I was going to write about Frieren, which is a wonderfully chill and cozy anime all about the bittersweet mixture of love, regret, grief, and joy found in coming to terms with the mortality of those who mean so much to us.
Instead, this week I’m going to tell you about ICE disappearing a Tufts student off the street in a neighborhood near me. If you haven’t seen the video, suffice to say it’s both chilling and infuriating. A group of masked figures approach a lone woman, lay hands on her, rob her of her backpack and phone, and herd her away to an unmarked car.
Her name is Rumeysa Ozturk. She’s a graduate student at Tufts, here on a student visa. She has been disappeared.
These masked figures briefly claim to be police. A few of them pull out hidden badges. At no point do any of them identify themselves—nearly all of them remain masked, they do not give their names or their badge numbers, they actively resist taking steps that might allow them to be held accountable for their actions. They show up, grab someone off the street, and then roll away.
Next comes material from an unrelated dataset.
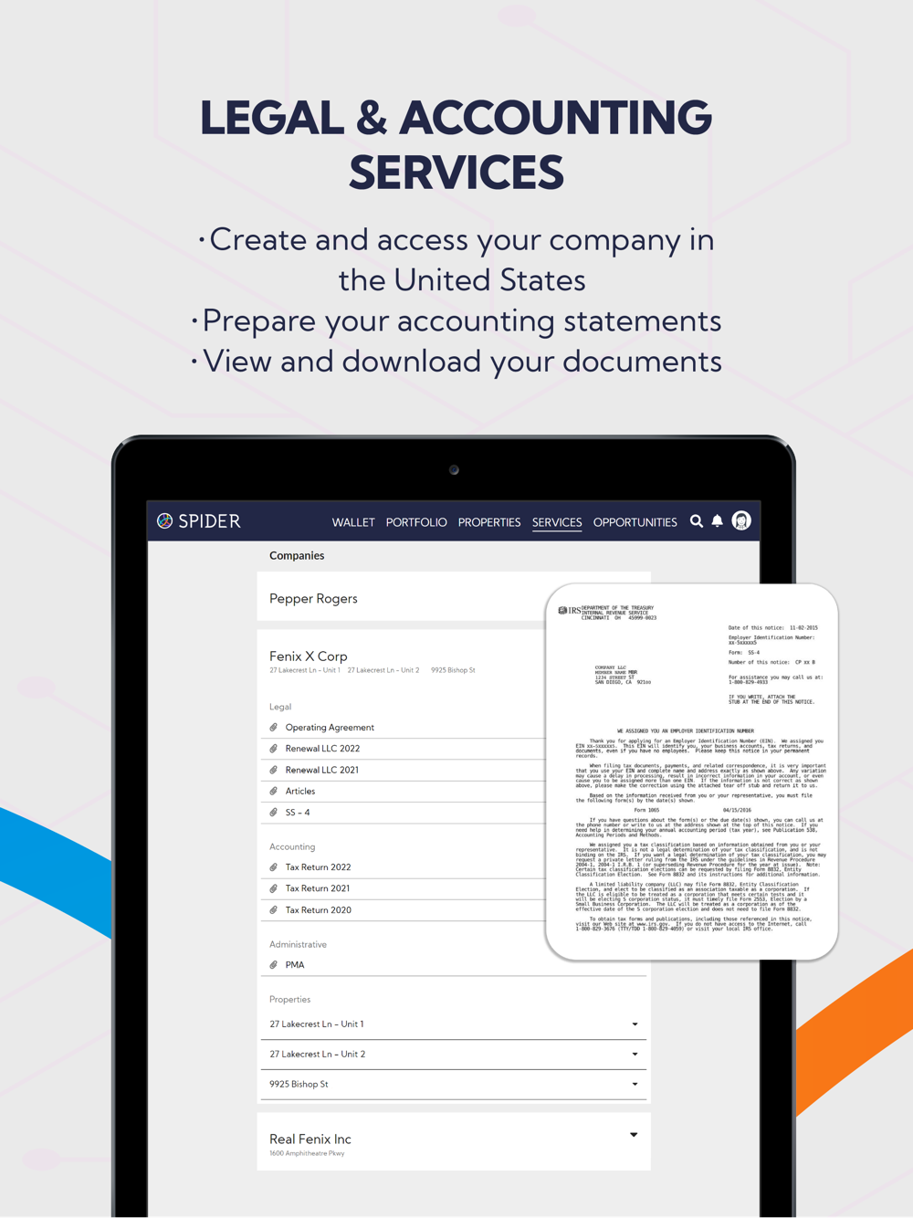 - Legal and accounting services for your tax and legal management

This is a fucking disgrace.
I am not surprised by this. These scare tactics seem like the natural outgrowth of the abductions performed in Portland, Oregon, during the summer of 2020 (fine, if you want me to mince words, call them “sudden detentions with unmarked vehicles and personnel”). They’re designed to intimidate, to instill fear, and to prevent anyone from holding the (ostensible) law enforcement agents involved responsible for any action they might take.
This is antithetical to our American democracy. I’ve been furious about so many other things going on in our country, but this one hits especially close to home (literally). Someone has been pulled from my community and dragged over 2000 miles to Louisiana in what looks like a clear attempt by the authorities involved to avoid the consequences of their actions: if they can just do the thing they know the judge won’t allow fast enough, before the judge can rule on it, then they can (probably) get away with it. If this is not criminal, it should be.
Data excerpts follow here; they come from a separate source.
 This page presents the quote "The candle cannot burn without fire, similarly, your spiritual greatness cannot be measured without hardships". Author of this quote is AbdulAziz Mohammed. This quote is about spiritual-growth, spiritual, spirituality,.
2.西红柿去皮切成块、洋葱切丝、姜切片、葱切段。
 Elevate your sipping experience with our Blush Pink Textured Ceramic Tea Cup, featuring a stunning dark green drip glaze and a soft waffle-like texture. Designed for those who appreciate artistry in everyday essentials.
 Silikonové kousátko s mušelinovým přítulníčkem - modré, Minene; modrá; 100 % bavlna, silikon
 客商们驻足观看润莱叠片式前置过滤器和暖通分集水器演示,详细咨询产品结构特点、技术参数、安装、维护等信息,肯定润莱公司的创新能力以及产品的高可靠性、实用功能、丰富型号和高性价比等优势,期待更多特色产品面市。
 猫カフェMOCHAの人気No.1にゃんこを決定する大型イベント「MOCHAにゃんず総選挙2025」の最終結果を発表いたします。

There is no way to have an open and free society when people are pulled off the streets by masked figures and disappeared into unmarked cars. There is no way to have an open and free society when those we charge with protecting us cannot be held accountable by us. There is no way to have an open and free society when you can abduct someone by wearing a mask, waving a shiny prop badge, and moving fast enough that no one can prove you aren’t a cop.
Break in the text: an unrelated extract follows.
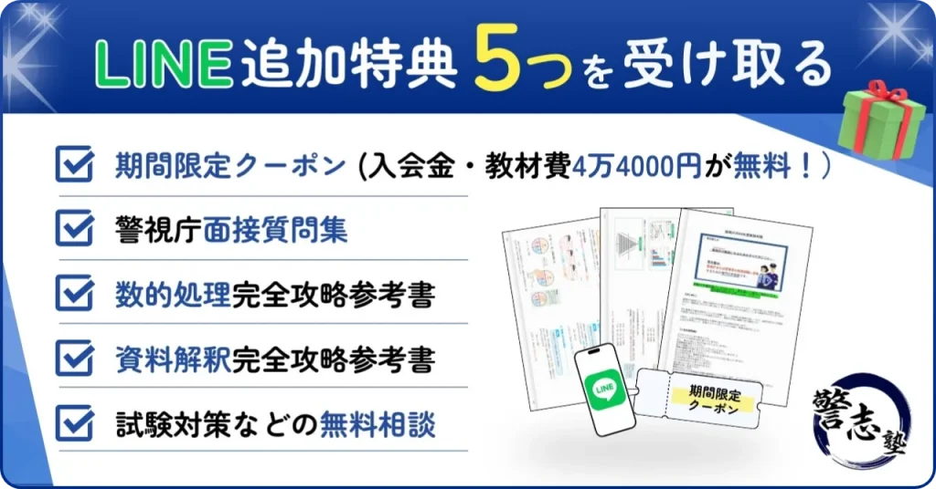 予備校の中でも、警視庁合格に特化した「警志塾」がおすすめです。警志塾の講師は元警視庁職員であり、経験をもとにした具体的なアドバイスを受けられます。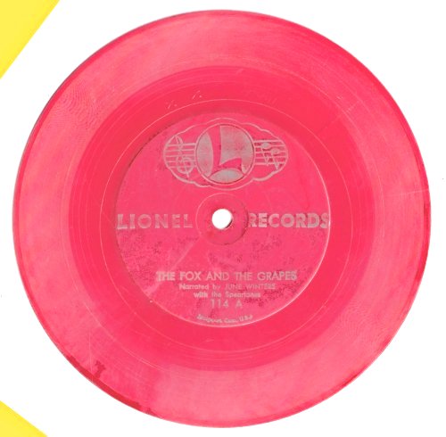 1965? Three 6” Lionel Records: FG/TMCM (114 A & B); LM & OF (115 A & B); “Little Red Hen,” Parts 1 and 2 (112 A & B). Aesop narrated by June Winters and the Speartones. Little Red Hen” narrated by Al Javelon. Bridgeport, CN: Lionel Records. Gift of Susan Carlson, Dec. 18.

It doesn’t matter that Rumeysa Ozturk is not an American citizen. If you think our laws and our ideals are only for American citizens when on American soil, you have already lost the ideal of America. If you think that the government should only avoid impinging on free speech when you agree with that speech, you’ve already lost the dream of America. If you think someone writing that they “affirm the equal dignity and humanity of all people” while talking about Palestinians, and that they urge their university president to “embrace efforts by students to evaluate ‘diverse and sometimes contradictory ideas and opinions’” should cause them to lose their visa and be deported, then you are the narrowest, most selfish and short-sighted fool and you are embracing your own destruction.
All of my other thoughts and words here are fury and disgust and bile. I am angry. You should be angry too.
Act. Let your congress people know your thoughts. And show up.